Re: DISTINCT (was: Re: Queries over multiple graphs) from Steve Harris on 2004-09-29 (public-rdf-dawg@w3.org from July to September 2004)

From: Steve Harris <S.W.Harris@ecs.soton.ac.uk>
Date: Wed, 29 Sep 2004 13:48:47 +0100
To: RDF Data Access Working Group <public-rdf-dawg@w3.org>
Message-ID: <20040929124847.GC31285@login.ecs.soton.ac.uk>

On Wed, Sep 29, 2004 at 01:05:29PM +0100, Andy Seaborne wrote:
> > On Tue, Sep 28, 2004 at 06:19:29 +0100, Andy Seaborne wrote:
> > > I prefer to have explicit DISTINCT.  I don?t see having SELECT
> > > returning duplicate rows contradicting RDF's set of statements if
> the
> > > app writer only wants some of the variables. 
> > > 
> > > If there is no DISTINCT, then there is there is one result for every
> > > way the query can be matched.  Because SELECT can remove variables,
> > > it is possible the application can't tell two solutions (table rows,
> > > results) apart - but it can if there is "SELECT *" or SELECT with
> all
> > > the variables. "SELECT DISTINCT" means no two results the same even
> > > when there fewer variables.  Hence "SELECT DISTINCT *" is a no-op.
> > 
> > Doesnt that assume that every statement in the system is unique at the
> > triple level? That is not neccesarily the case.
> 
> In the sense that an RDF graph is a set of statements, every statement
> is unique. When querying "SELECT *" there will be one unique solution
> for each way the query can match.  Hence each row is different in some
> way.

Agreed, but the differences may not be apparent at the (s,p,o) triple
level.
 
> If I understand 3Store correctly, it is as much a collection of graphs
> to query - and does not present a concept of the RDF model of the whole
> collection.

That is correct, if you disallow duplicate triples.

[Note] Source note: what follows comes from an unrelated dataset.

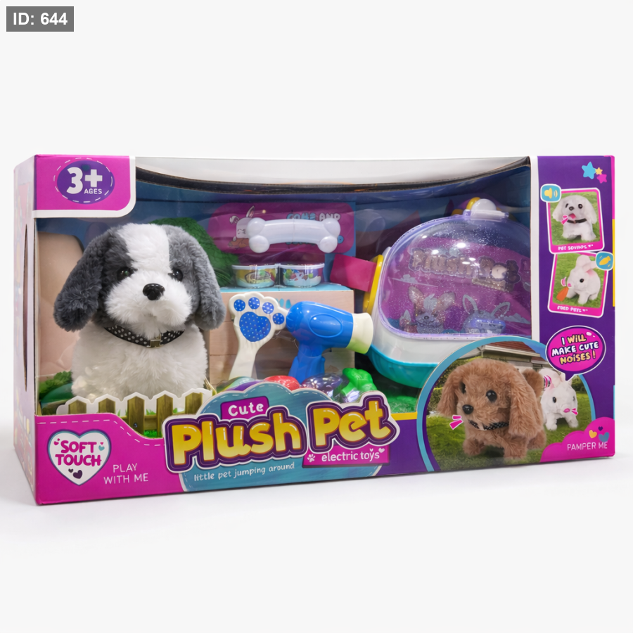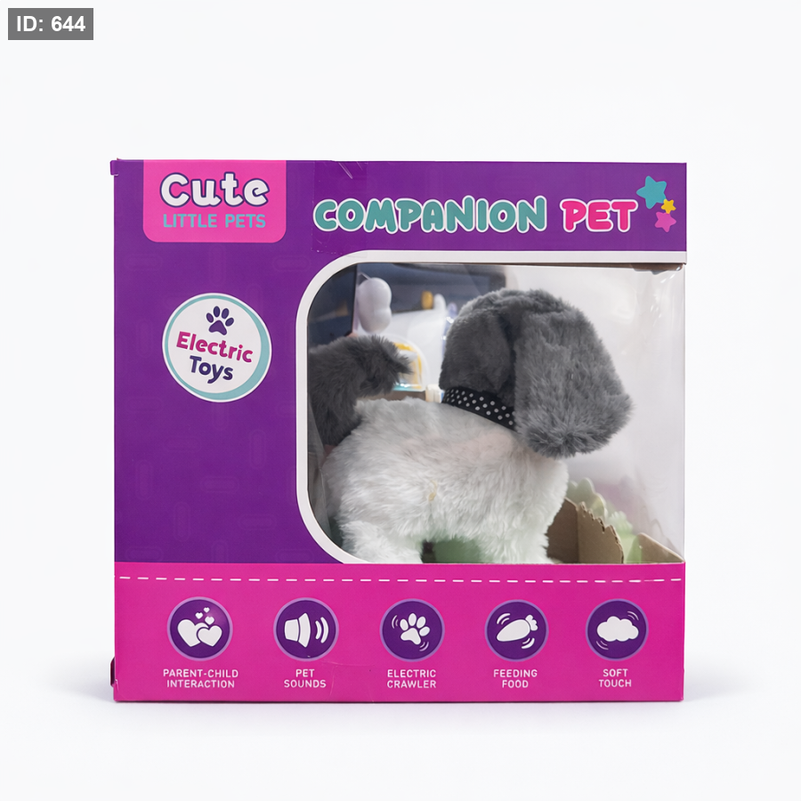 لعبة على شكل جرو فرو ناعم بتفاصيل محببة للأطفال، يصدر أصواتًا لطيفة ويتحرك بطريقة تفاعلية تضيف واقعية ومتعة أثناء اللعب. مصمم ليكون رفيقًا صغيرًا لطفلك، يعزز مشاعر العناية والاهتمام بالحيوانات بطريقة آمنة وممتعة.

>              It's more like having an implicit "SOURCE *" around each
> query pattern.

Possibly, depending on what semantics we agree for a store containing
a set of graphs. I would prefer DAWG to not require a particular
behaviour. In my RDQL implememtation its irrelevant as the inplicit
DISTINCT makes them appear the same. IIUC you would like to require that
queries that dont use SOURCE will treat thier entire contents as a single
RDF grpah with unique statements. That seems overly prescriptive to me.
What's the motivation?
 
> > > ?x = ...    // and no ?y
> > > ?y = ...    // and no ?x
> > 
> > What about ?x=NULL, ?y=NULL and ?x=... , ?y=..., would those also be
> > valid 
> > solutions? I think I'm not following this part. Possibly a more
> concrete
> > example would help.
> 
> Yes - an example would help - and I think I got the example wrong.
> OPTIOANL is "greedy" in that if it can bind it does.  No unbound is
> generated if an OPTIONAL can match (A [B] is A+B if B matches else A).
> I'll try to do an example in a sparate mail thread.

Right, OK, I think that what was confusing me.

- Steve

Received on Wednesday, 29 September 2004 12:48:54 UTC